Saturday, February 07, 2009

Writing

I write best when I am desperate, frustrated, messed up and almost dying. Which is a good thing. It’s a very basic sort of paradox if something of substance can come out of such a mess. Not quite recycling, no.. This is some sort of bizarre catalysis. Do writers, poets and artists live in misery of their own making to foster their creativity or do their circumstances make them writers, poets and artists in the first place? Now that’s very pedestrian. If it were, in fact, so simple, then most of the world’s people are in reality brilliant writers, poets and artists just waiting to explode and exude talent. Why is it that the world never gets to be dazzled by their brilliance? Because not everyone lets off steam in the same way. So is that all that it is, after all? Letting off steam. And when the fog clears it leaves behind some sort of wondrous thought provoking creation which suggests extraordinary ability on the part of the creator. Is that the way it is, then?

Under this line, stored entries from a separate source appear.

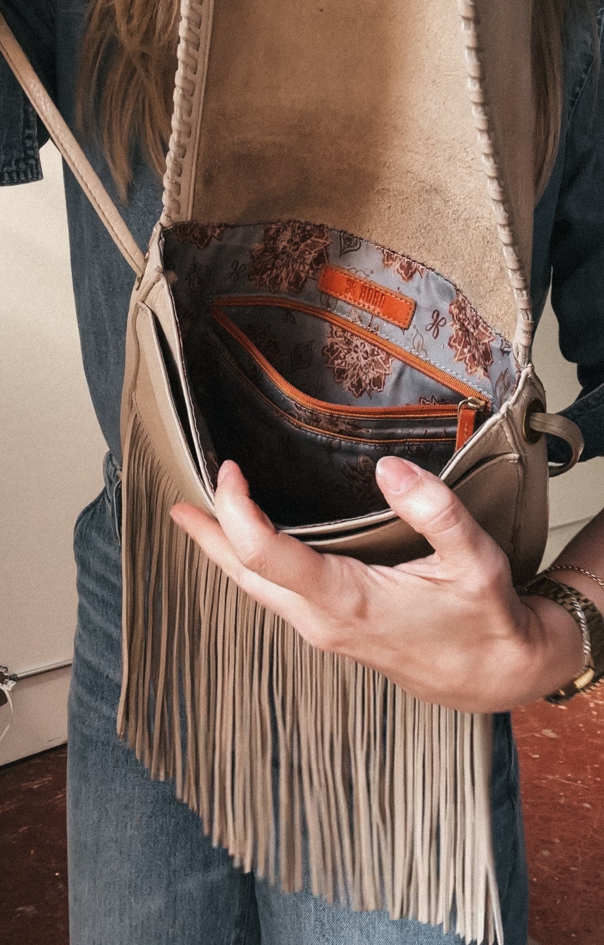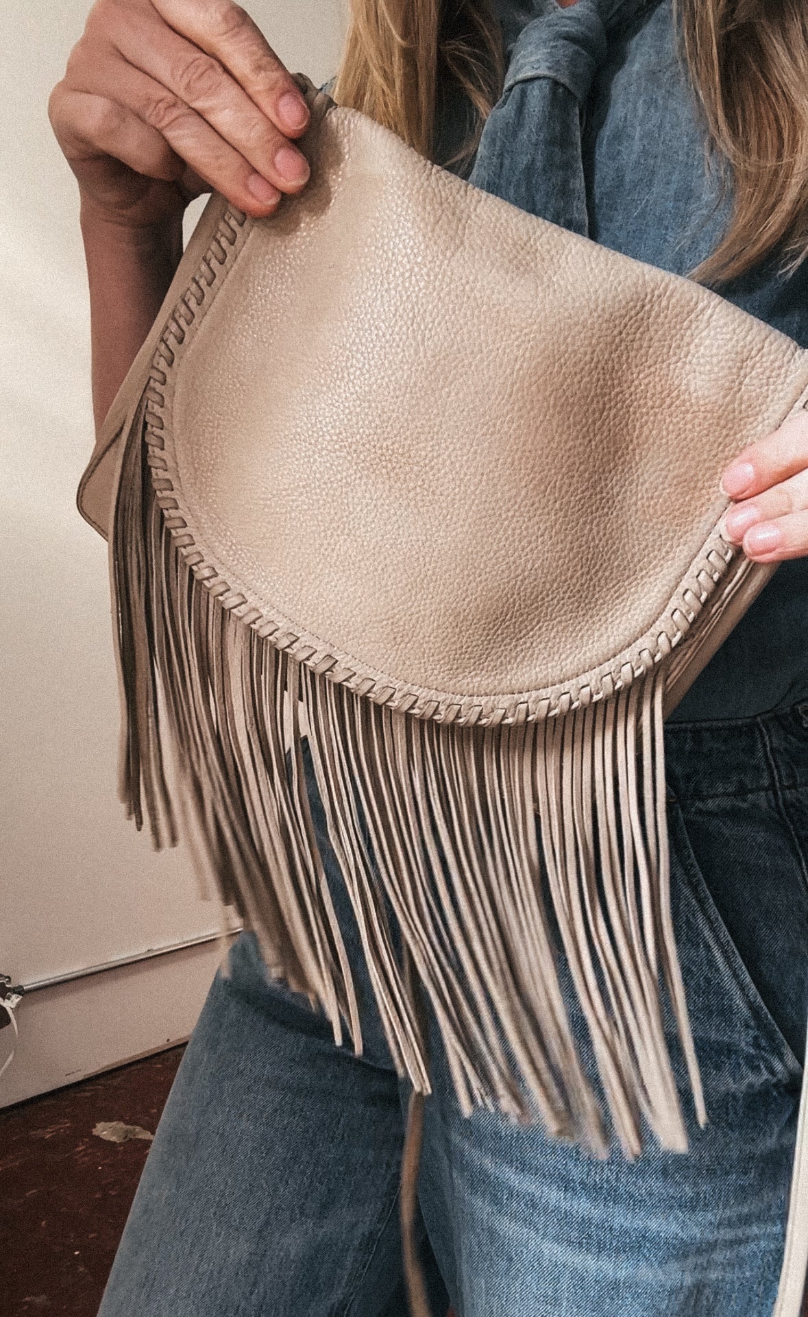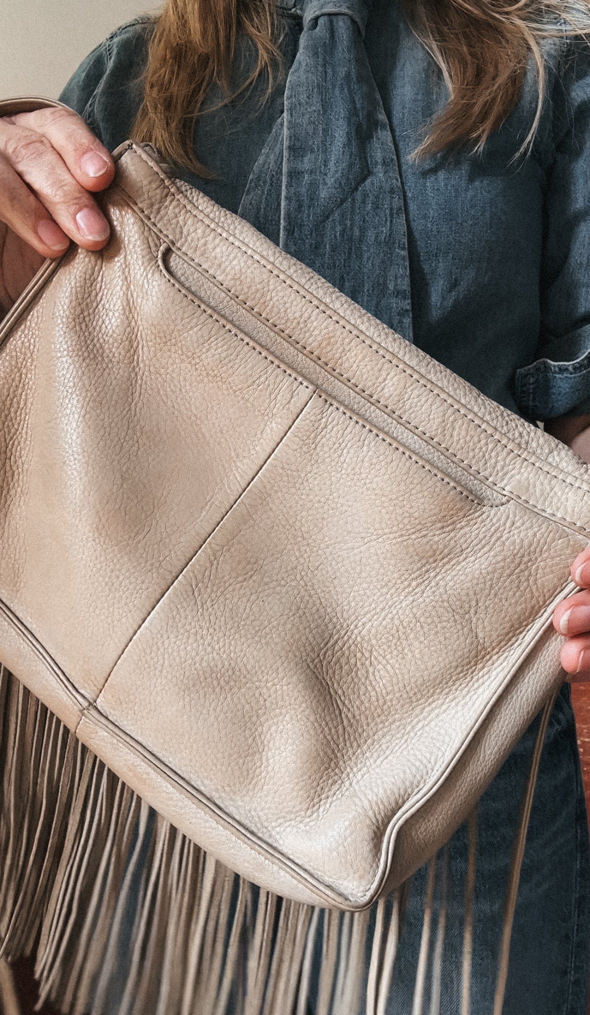 Hobo cream leather fringe bag. Some marks on leather but overall in great condition
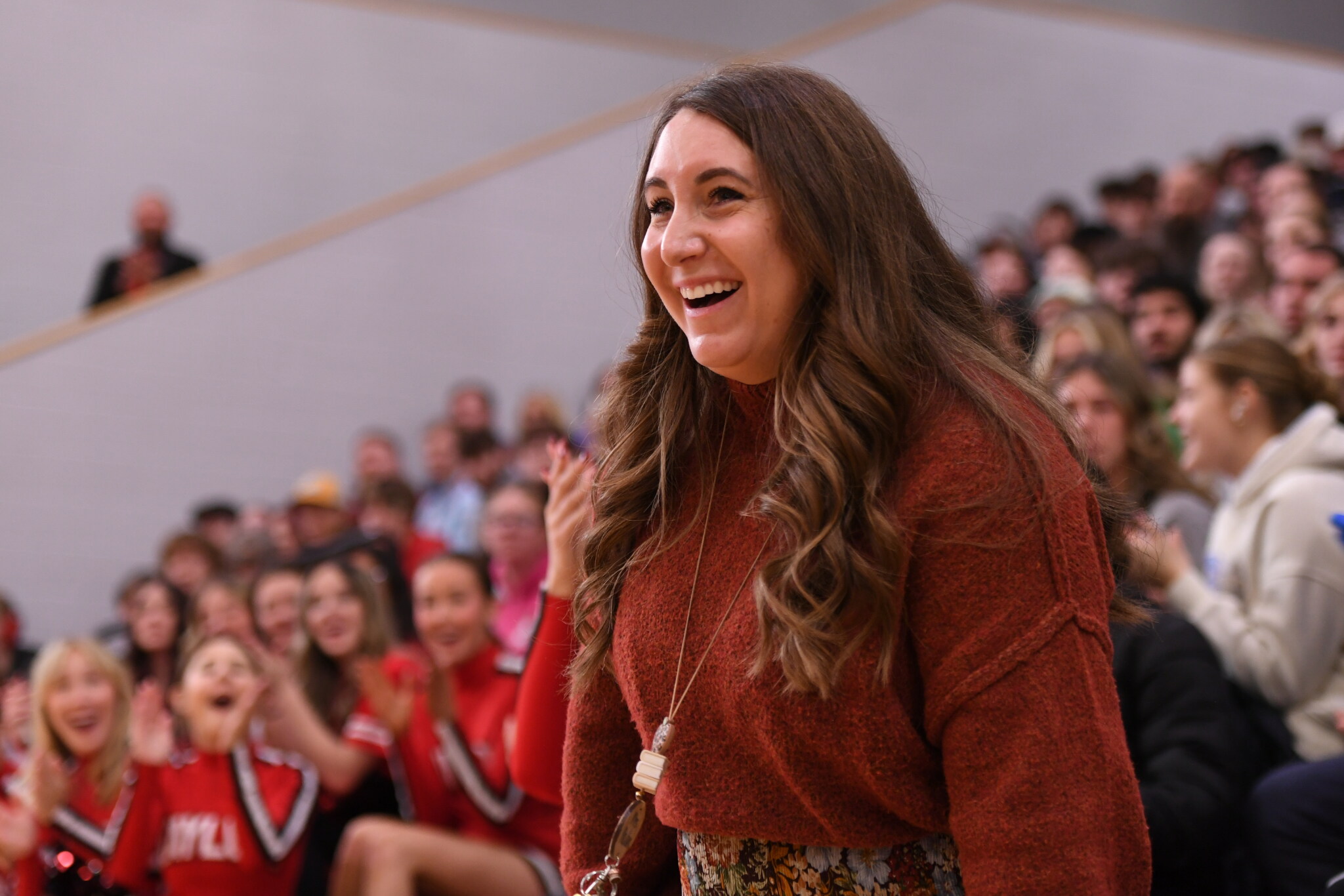It all starts to sink in for Milken Educator Award recipient Sydney Newton ... today's assembly is actually all for her!
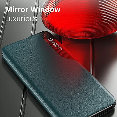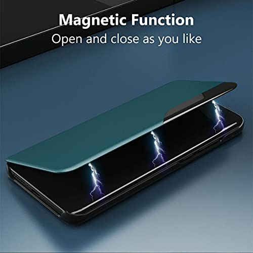 Oihxse Case Compatibile con Samsung Galaxy A10, Smart Clear View Flip [Morbido PU Leather + Hard PC] Custodia, con Supporto di Stand Finestra Trasparente Intelligente Cover - Verde
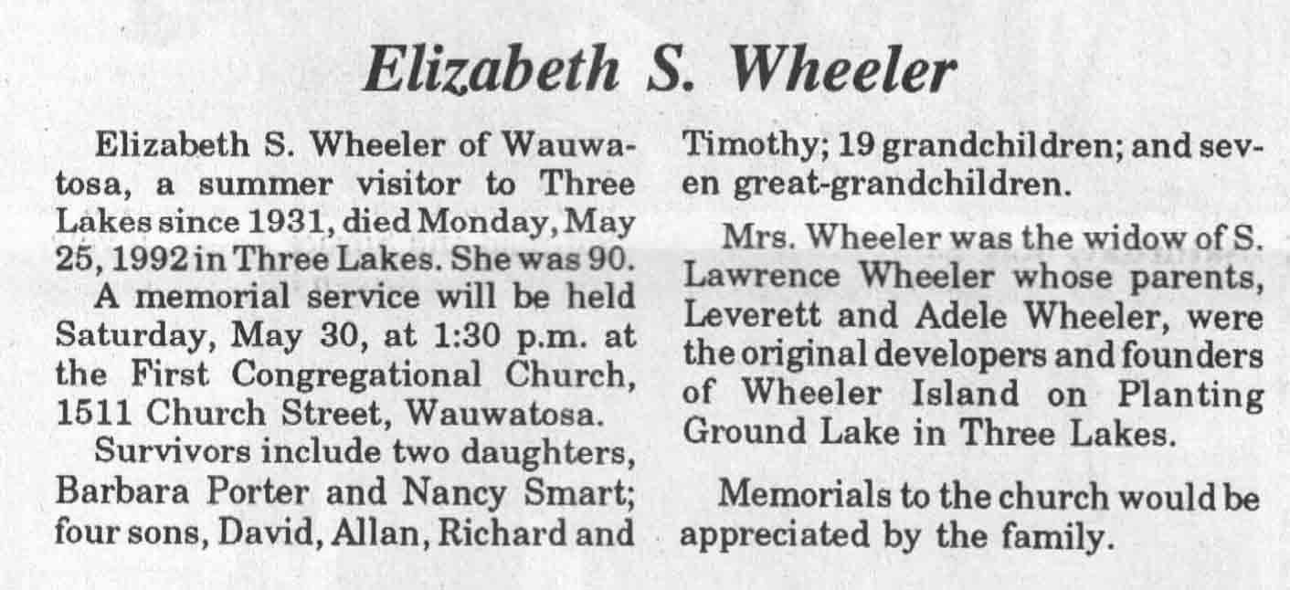 | Wheeler | Elizabeth S | c 1902 | 25 May 1992 | V N-R | 27 May 1992 | 4 |
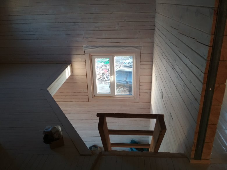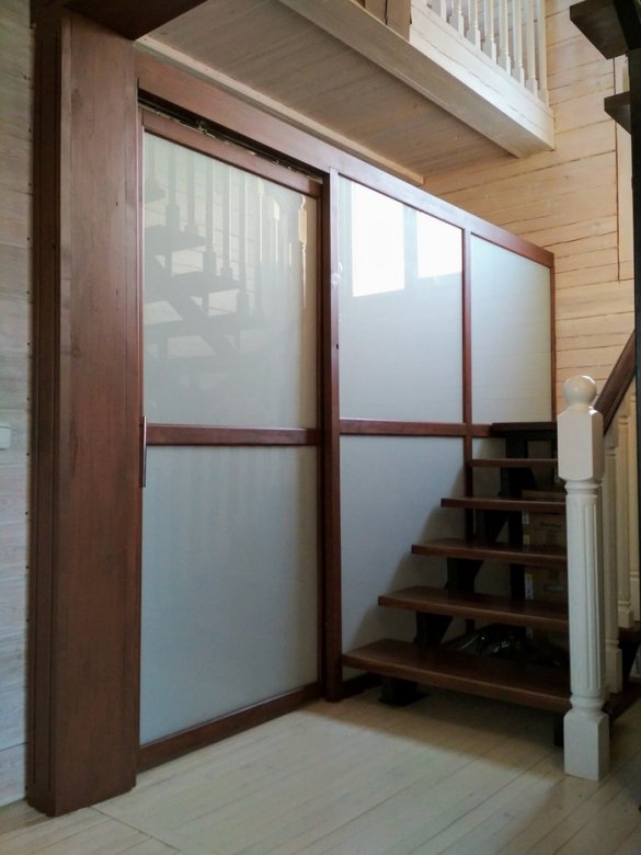 С одной стороны лестницы смастерил Тамбур, деревянно-стеклянную (как это делал уже другая история).

The quality of writing is perhaps best measured by the effect it produces on the reader. No, not just the magnitude of effect, but the nature of the influence it can have. The slightest hint of a change in thought process is far more powerful than merely provoking disgust, revulsion or anger. Something that can make a person go “Hmmm” and stays in his or her mind, surfacing time and again, realigning the way he or she thinks about something or the other. That’s the power of writing. That’s where writing can result in more than just entertainment, and be more than just words.